● **WORK INSTRUCTION**
Extract the text of every entry below exactly; leave images out.

______

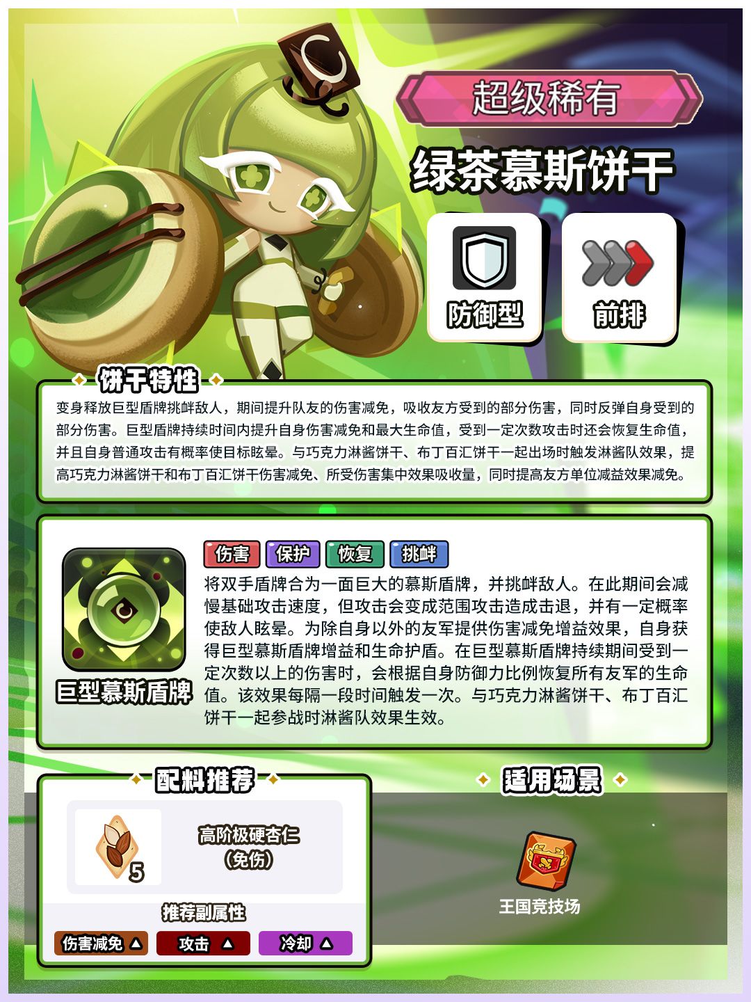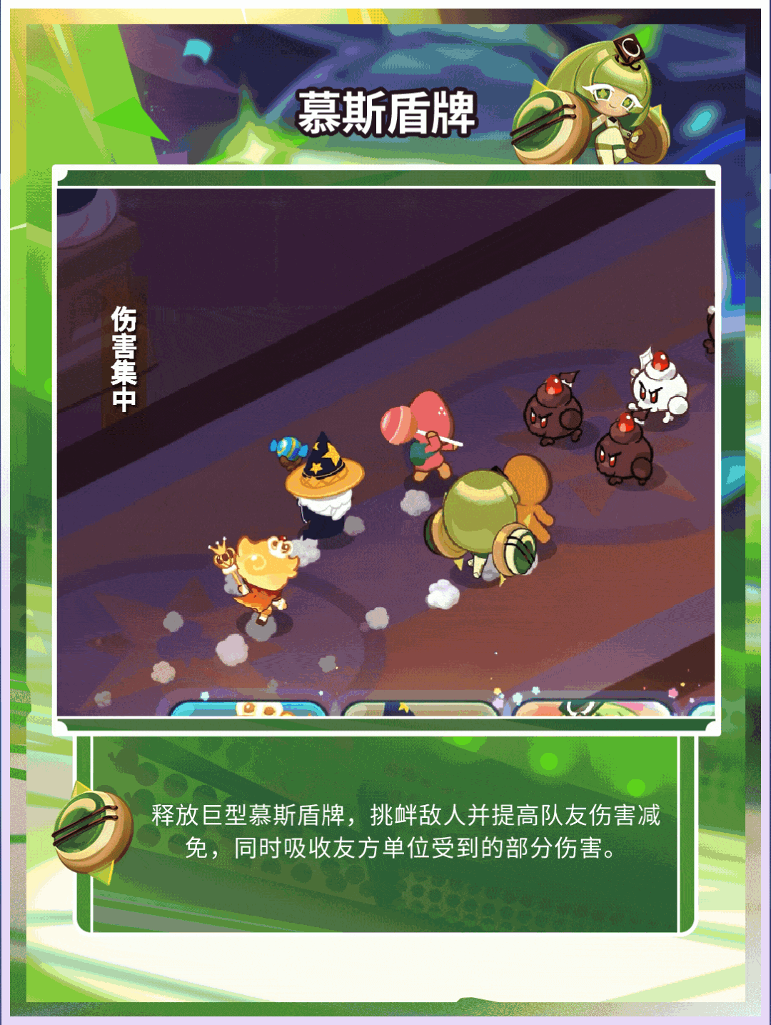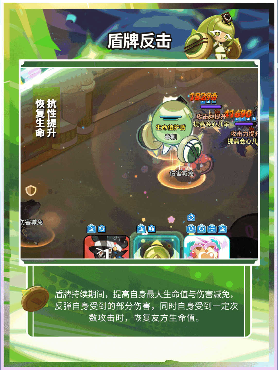 变身释放巨型盾牌挑衅敌人,期间提升队友的伤害减免,吸收友方受到的部分伤害,同时反弹自身受到的部分伤害。巨型盾牌持续时间内提升自身伤害减免和最大生命值,受到一定次数攻击时还会恢复生命值,并且自身普通攻击有概率使目标眩晕。与巧克力淋酱饼干、布丁百汇饼干一起参战时淋酱队效果生效。
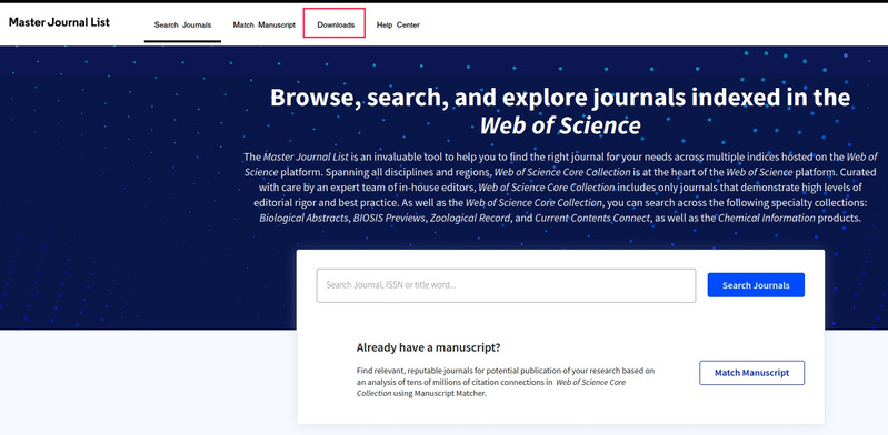 3. 注册并登录个人账号后,点击上方导航栏中“Download”,即可查阅并下载当月WoS核心合集期刊目录及期刊变动的最新情况。
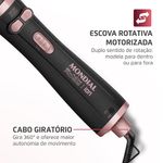 Escova Rotativa Motorizada: A escova Mondial combina rotação automática com o calor do secador, simulando o efeito da escovação. Fácil de usar, basta escolher a temperatura e deslizar a escova no cabelo úmido, das raízes até as pontas.
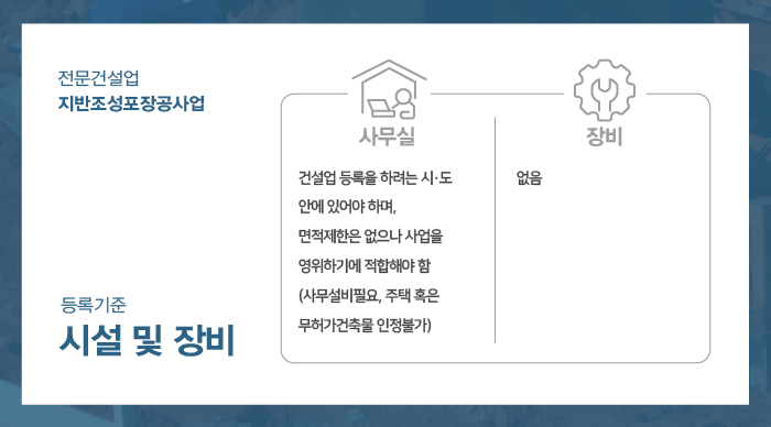 지반조성포장공사업은 장비 기준은 없으나 사무실이 기본으로 준비되어 있어야만 합니다.
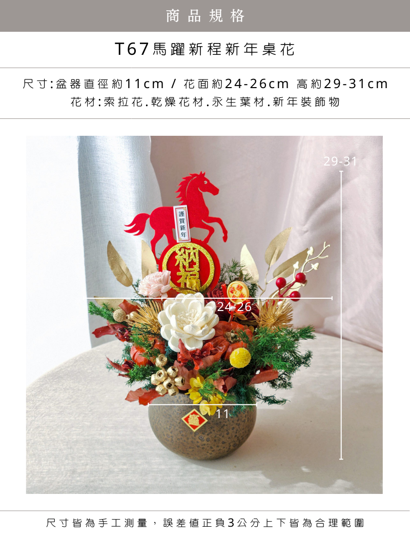 T67|馬躍新程新年桌花|乾燥花/永生葉材|馬年花禮/新年盆花
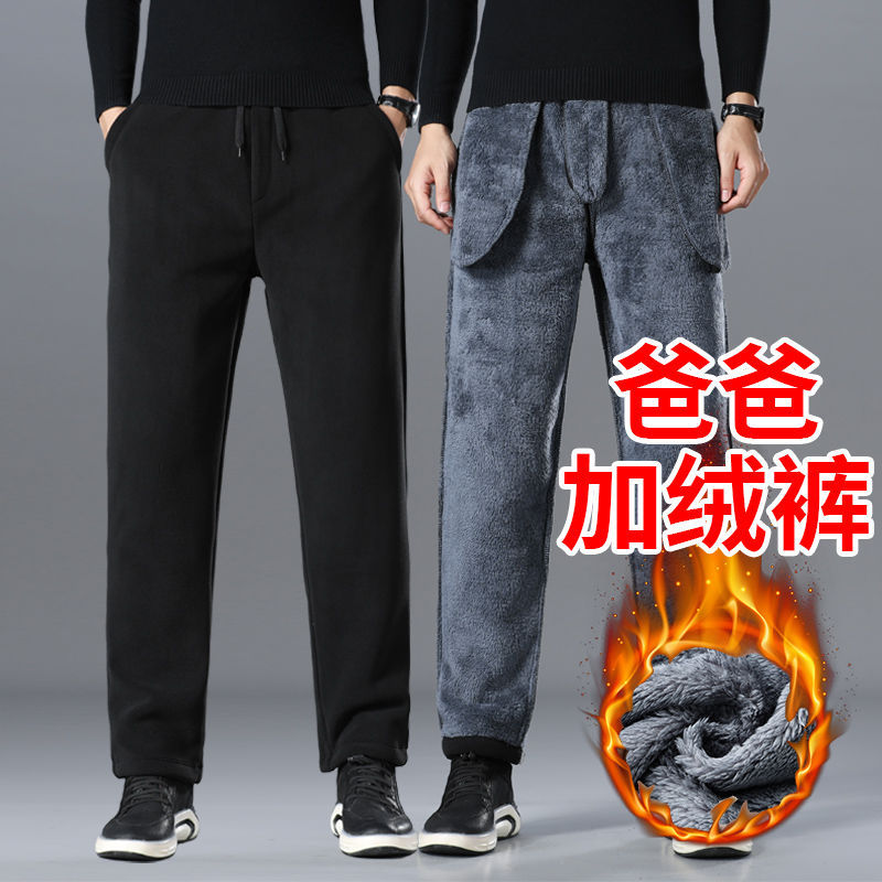 現物新型中高年男性春秋カジュアルパンツ高腰直筒長ズボン秋冬父加毛保温綿ズボン
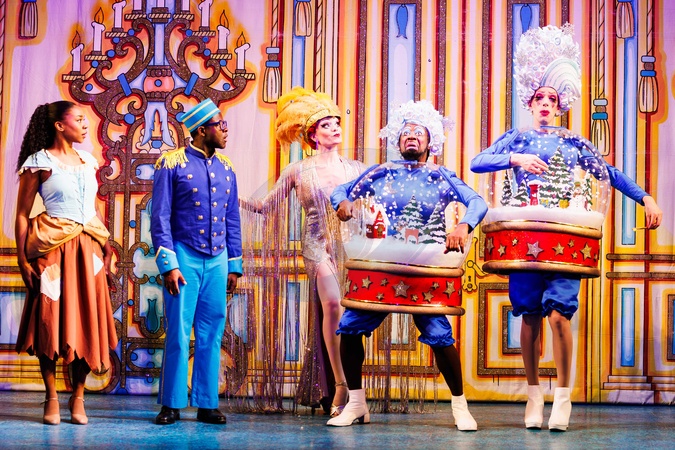 Siobhan James as Cinderella, Nicholas McLean as Buttons, Alexandra Waite-Roberts as Oblivia, the Wicked Stepmother and George Heyworth and Kat B as the Ugly Sisters Nausea and Flatula in the Cinderella Panto at the Hackney Empire in London on 2 December 2025, Credit:Manuela Langotsch / Avalon
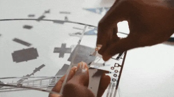 はめ込んだりペンチを使ったりして、パーツを組み立てていきます。
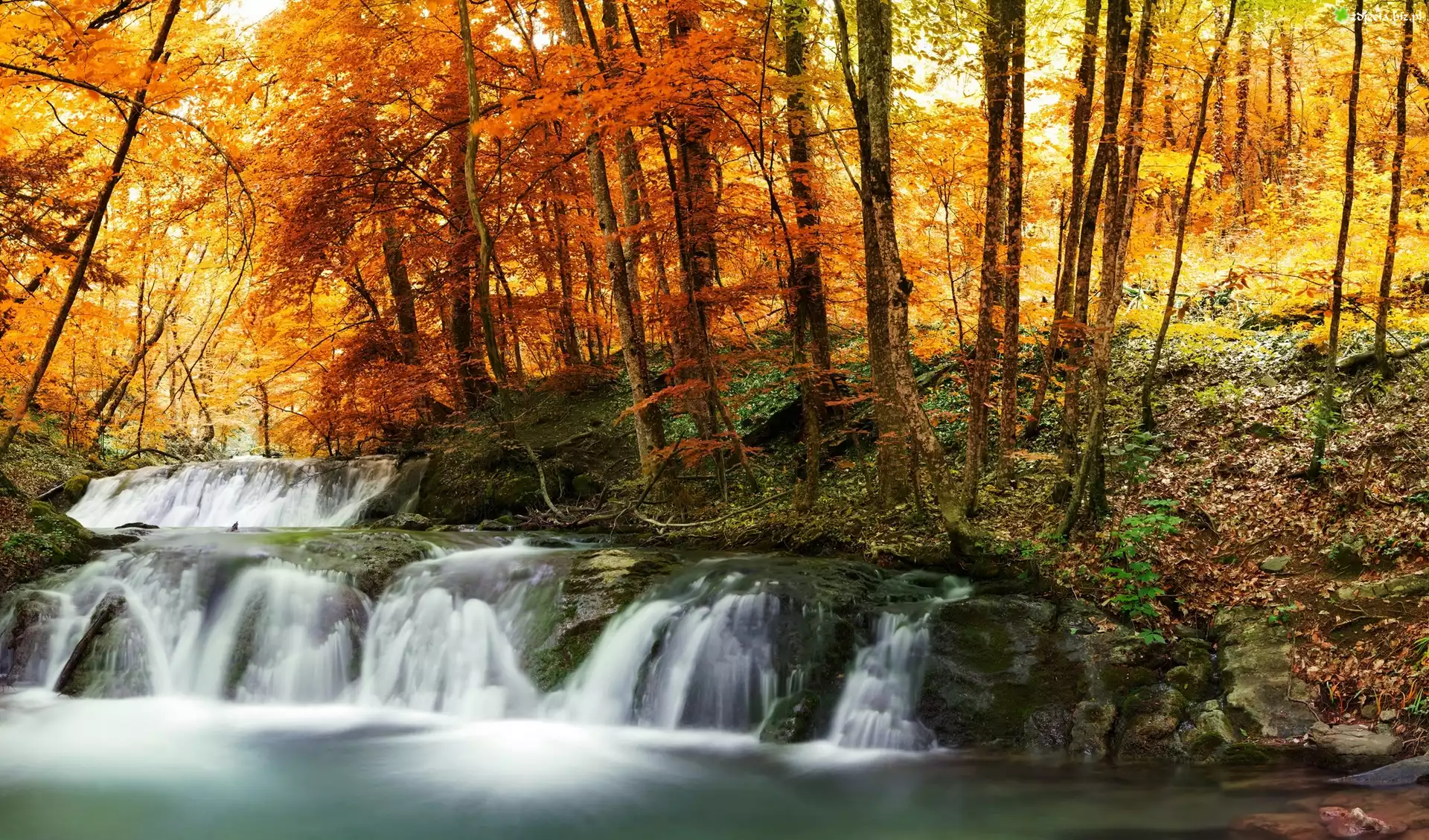 Zdjęcie Las, Jssień, Rzeka, Wodospad

______

● **WRITTEN RESPONSE**
 变身释放巨型盾牌挑衅敌人,期间提升队友的伤害减免,吸收友方受到的部分伤害,同时反弹自身受到的部分伤害。巨型盾牌持续时间内提升自身伤害减免和最大生命值,受到一定次数攻击时还会恢复生命值,并且自身普通攻击有概率使目标眩晕。与巧克力淋酱饼干、布丁百汇饼干一起参战时淋酱队效果生效。
 3. 注册并登录个人账号后,点击上方导航栏中“Download”,即可查阅并下载当月WoS核心合集期刊目录及期刊变动的最新情况。
 Escova Rotativa Motorizada: A escova Mondial combina rotação automática com o calor do secador, simulando o efeito da escovação. Fácil de usar, basta escolher a temperatura e deslizar a escova no cabelo úmido, das raízes até as pontas.
 지반조성포장공사업은 장비 기준은 없으나 사무실이 기본으로 준비되어 있어야만 합니다.
 T67|馬躍新程新年桌花|乾燥花/永生葉材|馬年花禮/新年盆花
 現物新型中高年男性春秋カジュアルパンツ高腰直筒長ズボン秋冬父加毛保温綿ズボン
 Siobhan James as Cinderella, Nicholas McLean as Buttons, Alexandra Waite-Roberts as Oblivia, the Wicked Stepmother and George Heyworth and Kat B as the Ugly Sisters Nausea and Flatula in the Cinderella Panto at the Hackney Empire in London on 2 December 2025, Credit:Manuela Langotsch / Avalon
 はめ込んだりペンチを使ったりして、パーツを組み立てていきます。
 Zdjęcie Las, Jssień, Rzeka, Wodospad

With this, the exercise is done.